Lastly, I'm going to offer an "unusual" way to look at this.
Take this sentence for example:


PaysageDHiver said:


> The thought of some other dude making my girl moan, her smiling at him with the same bedroom eyes.


Sooo, I'd be turned on if I saw my BF getting pleasured by someone, and I genuinely mean that. It's hot. You could try looking at it the same way. Feel happy that your GF has receive pleasure from others, and now she's getting it from you. You're _that_ person now in charge of pleasuring her, and she's not thinking about the others because she's chosen you. She wants to be with you.

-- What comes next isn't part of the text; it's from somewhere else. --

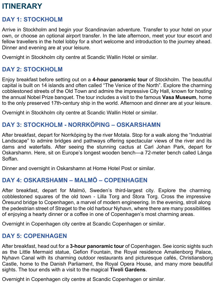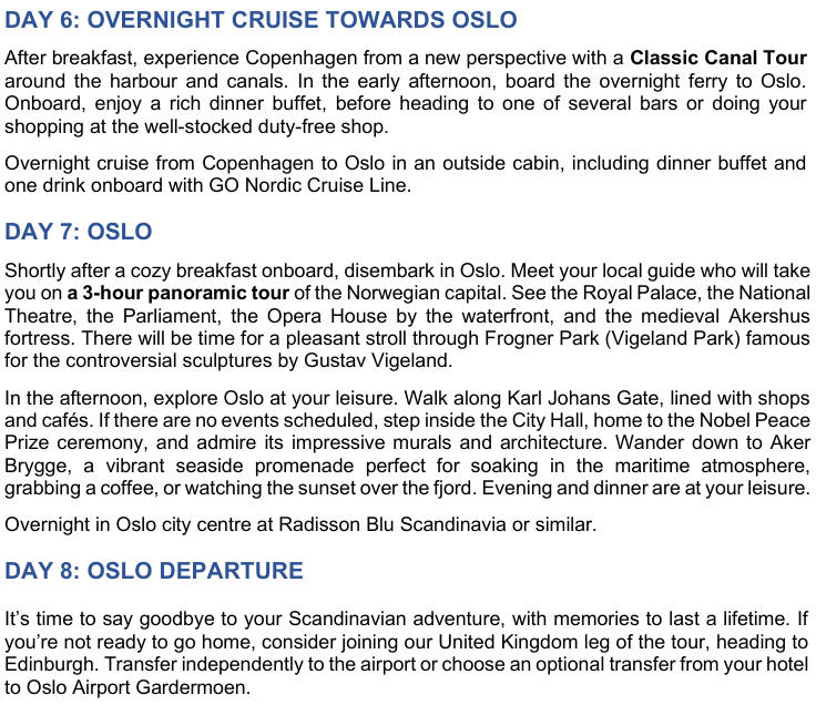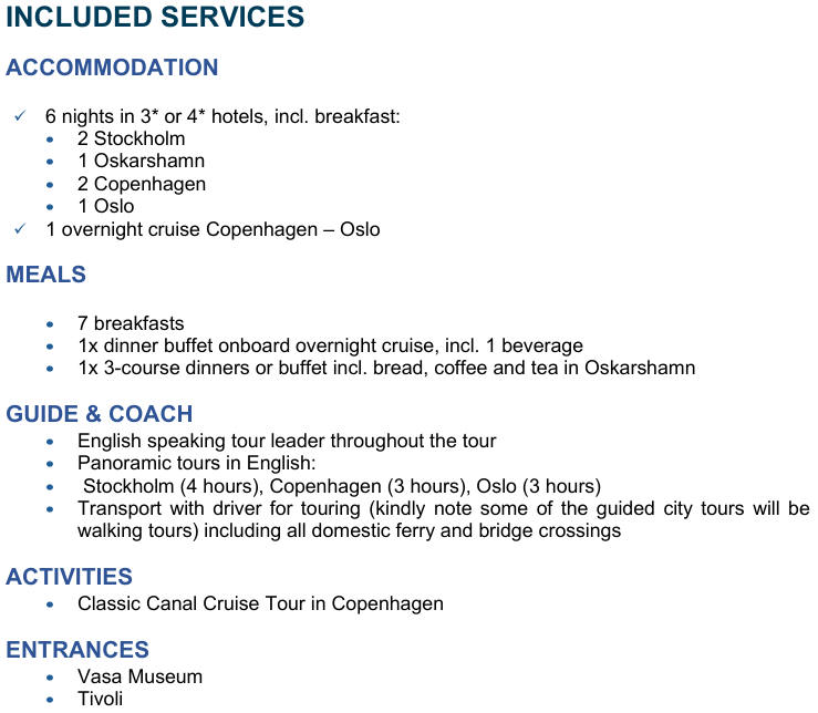 Project Arrival City Stockholm Departure City Oslo Per person Double

Anyways, I hope some of that helped. Best of luck and don't let her go without actual evidence that she's not good for you.


----------



## TheTraveler (Jan 31, 2013)

HustleRose said:


> And I did.
> You just don't agree.
> 
> I didn't say it shouldn't bother him or that his feelings where irrational. I said it did bother him that she had flings.
> ...


:yes

There will be flaws in anyone you date. There are flaws in you. but no relationship will work unless you deal with it. Dumping her because she has been around is a horrid reason. Maybe she should dump you cause you havent slept with someone else? Yeah sounds foolish. Good luck finding a girl who hasnt slept around nor had a life before you. Running away you end up alone.


----------



## Elad (Dec 6, 2009)

I automatically assume every girl I get talking to has a high number and at least 5 guys lined up at all times so I have no expectations. I'm sorry to say but you opened pandoras box by asking for the truth, and now you either have to deal with it or move on. Its very easy to say "oh just accept it, its in the past" but the reality is these little things eat away at us, especially with the over thinking/analyzing aspect of anxiety.

Always keep a don't ask dont tell policy around this stuff, because its nothing but trouble.

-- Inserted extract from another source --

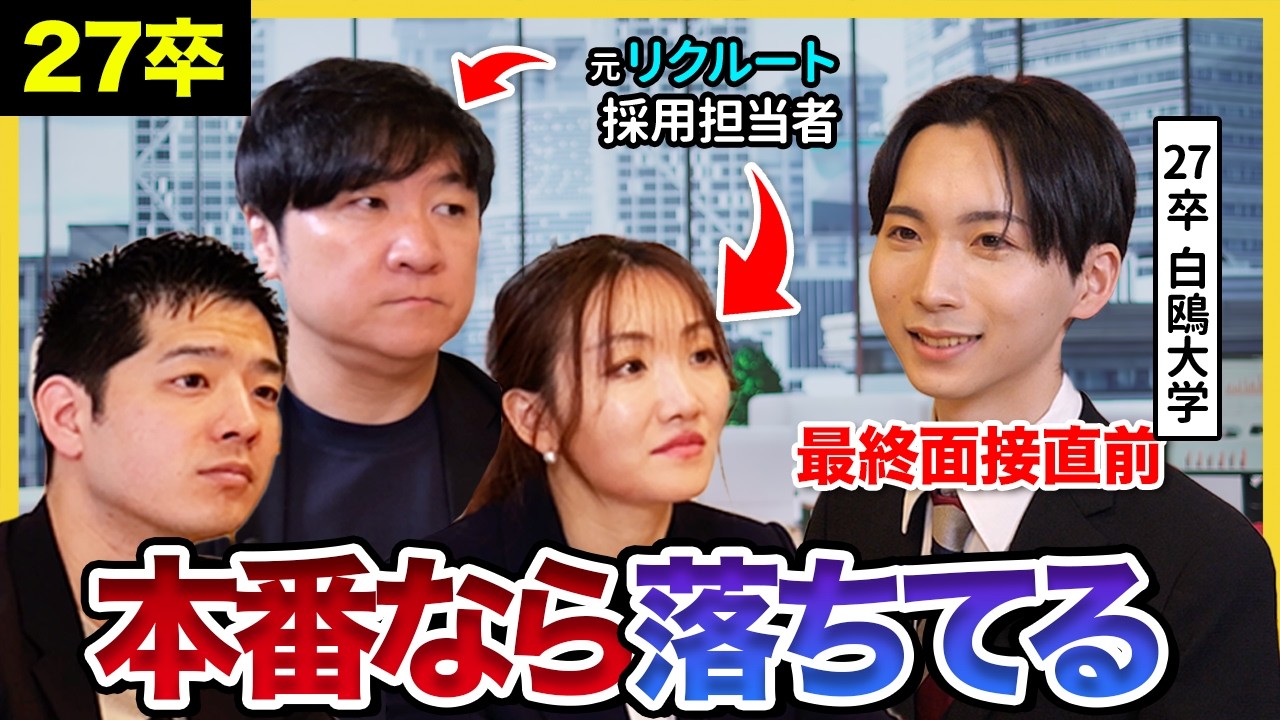 「最終面接目前なのに、なぜか通らない」——27卒で同じ壁にぶつかる就活生は少なくありません。今回のしゅんダイアリーは、人材研究所代表・曽和利光さん、Sworkers執行役員・古賀ゆかさん、人材研究所・細谷さんという3人のプロ人事が、白王大学の栗川さん(27卒・IT/SIer志望)に模擬面接を実施し、最終面接直前に残された一番大きな課題="エピソードと志望業界のミスマッチ"を鋭く指摘した実践回です。

People saying "oh you cant dump her for that! thats stupid" are wrong. You can leave/dump for whatever reason you choose, its about you - you don't have to comply with any rules of SAS members. So if it really becomes such an overwhelming issue then it might have to be done, though hopefully as a last resort.

I'm sorry for coming across pessimistic but to me its just reality. If you're having these doubts now then you'll probably keep having them, unless you have a total mental turn around, which is unlikely.



arnie said:


> This. If it bothers you so much now, it's never going to stop bothering you. This fear will just poison the relationship bit by bit. It makes more sense to find someone else.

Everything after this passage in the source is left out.